Blow against rule of law

The rule of law in a society breaks down when the courts appear to be telling the citizenry, “show me the man and I’ll show you the law”. The rule of law in a society breaks down if the Supreme Court says, one day, that “a single day deprived of liberty is a day too many”, while every other court including the Supreme Court itself rejects bail applications of people jailed for years and months without trial, and in Mr. Faruqui’s case for something a man did not even do.

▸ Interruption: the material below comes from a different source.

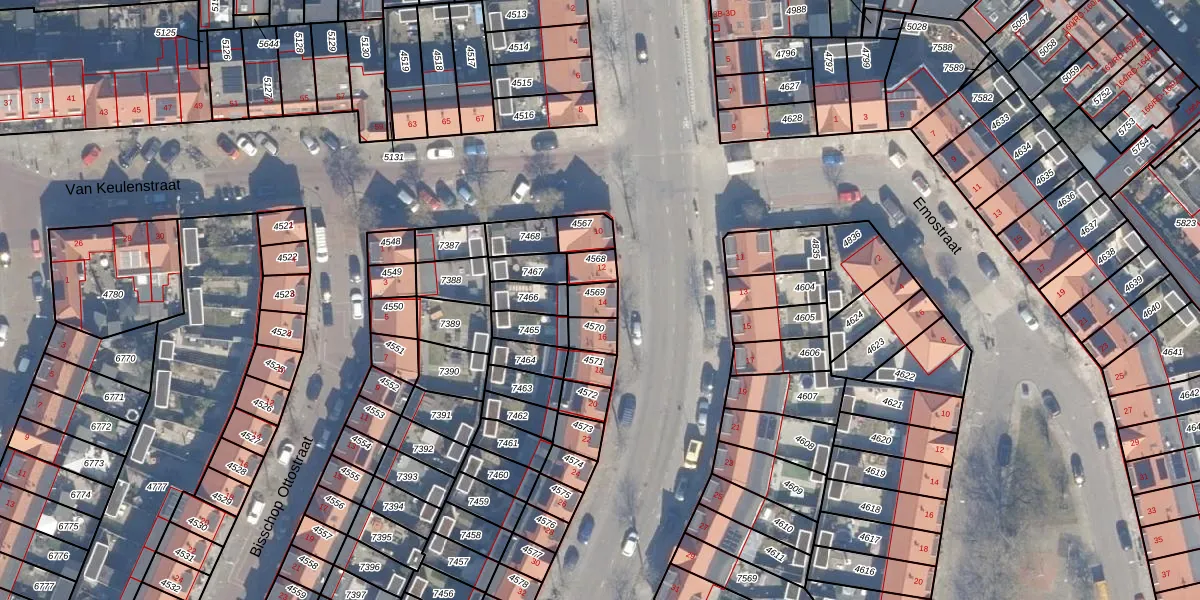 Gebruik de zoekbalk of klik op een perceel voor informatie over de adressen binnen dit perceel.
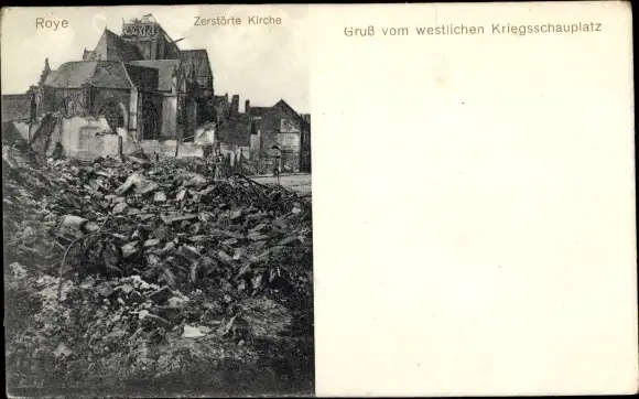 Ak Roye Somme, Zerstörte Kirche, Kriegszerstörungen, I WK

And the rule of law breaks down when the Court declaims that “liberty is not for the few”, but by its conduct, extends liberty only to a few, while the unfortunate many count the weeks and months in jail cells. The judiciary’s undeniably callous attitude towards human liberty is deeply destructive of the rule of law; and in that context, its plaintive lament in Arnab Goswami’s case, that deprivation of liberty for even one day is a day too many, is reminiscent of Macbeth plunging his hands into the basin and asking the world: “Will all great Neptune’s ocean wash this blood/Clean from my hand?”